Harmful algal bloom in Lake Erie, 2009. T. Archer, NOAA/Flickr, CC BY-SA

Climate change and mixing in lakes

As anyone who has swum in a lake knows, the water is typically warmest on the surface where the sun shines on it. Cold water is denser than warmer water, so it sinks. For much of the year, deep lakes will remain stratified (separated into layers).

In fall and late winter, large storms disrupt natural stratification and cause lake waters to overturn. This mixes surface waters down into the lake’s depths and brings deep water up to the surface, where it can absorb oxygen from the atmosphere. This process, which transfers dissolved oxygen from the surface to the lake bottom, is critical for an ecosystem’s health.

Seasonal stratification in temperate lakes. The thermocline is a layer that separates warm water from colder deep water. Hydrated/Wikipedia

But our study showed that surface warming in Lake Tahoe could cause climatic eutrophication by reducing or even ending mixing, thus interrupting the vertical movement of dissolved oxygen from the lake’s surface to the lake bed.

Scientists, spearheaded by the University of California - Davis, have been monitoring conditions at Lake Tahoe for nearly 50 years, so we have good records of short- and long-term changes in water temperatures and quality. Since 1968, the average temperatures of the lake’s surface waters (down to a depth of 80-120 feet) have increased by nearly 0.5 degrees Celsius. That change has increased the lake’s stability – a measurement of how resistant it is to overturning – enough to reduce the probability that surface waters will mix all the way to the lake bottom.

To model possible future conditions, we estimated Lake Tahoe’s annual stability by combining a lake hydrodynamic model – representing how water is moved around the lake – with two different greenhouse gas emission scenarios published by the Intergovernmental Panel on Climate Change. In one scenario, emissions increased rapidly throughout this century; in the other, emissions leveled off by the year 2100.

Under both scenarios, meteorological conditions influencing the lake are projected to change. Notably, wind speeds would decrease by 7-10 percent, and air temperatures would increase by 2.5-4 degrees Celsius. These warmer, less windy conditions across the lake will extend and magnify the warming and stratification trends that we are already seeing.

As the lake remains stratified for longer periods each year and less overturning occurs, dissolved oxygen levels at the bottom will decline. Under these conditions, nutrients stored in the lake bed will be released to the water through chemical reactions that occur in low-oxygen environments. This new source of nutrients, known as internal loading, will further contribute to the process of climatic eutrophication.
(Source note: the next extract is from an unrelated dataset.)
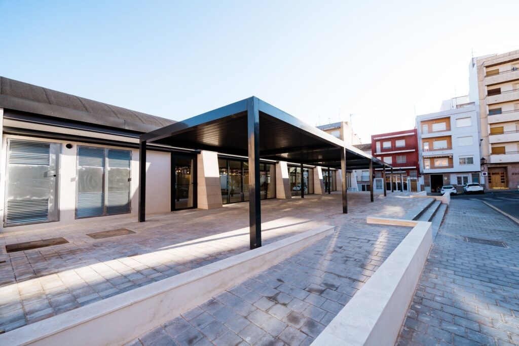 Remodelación completa del Mercado Central de Yecla, con una superficie total de 1800m2 de superficie, dedicados a la venta de productos, además de un restaurante, bar y una escuela de formación para hosteleros. Además, se han renovado también las terrazas cubiertas.

Although all lakes are unique ecosystems, this process could also occur in other deep-lake settings around the world, such as Japan’s Lake Biwa or Lake Baikal in southeastern Siberia. Climate change is already shortening the periods each year when many temperate and polar lakes are covered with ice. As water temperatures rise in the upper layers of deep lakes, they will remain stratified for more of the year and will be less subject to mixing. Less dissolved oxygen will be returned to deep waters, which will stress fish populations.

Ice melting on Lake Baikal in Siberia, which contains 20 percent of the fresh water on Earth’s surface. NASA Earth Observatory

And unlike cultural eutrophication, climatic eutrophication could affect entire watersheds or regions, since it is driven by climatic influences rather than by discharges of nutrients into a lake from farms or cities.

Climatic eutrophication has serious implications for long-term water supplies and aquatic ecosystem health around the world. To recognize and track it, we need to identify lakes in North America and around the world that could be at high risk.

In areas where scientists and regulators are working to reduce conventional eutrophication, these experts will also need to factor the possibility of climate-forced eutrophication into their strategies. The first step is to support more monitoring of lakes’ physics and chemistry so that we can recognize, track and predict climatic eutrophication of our lakes and reservoirs.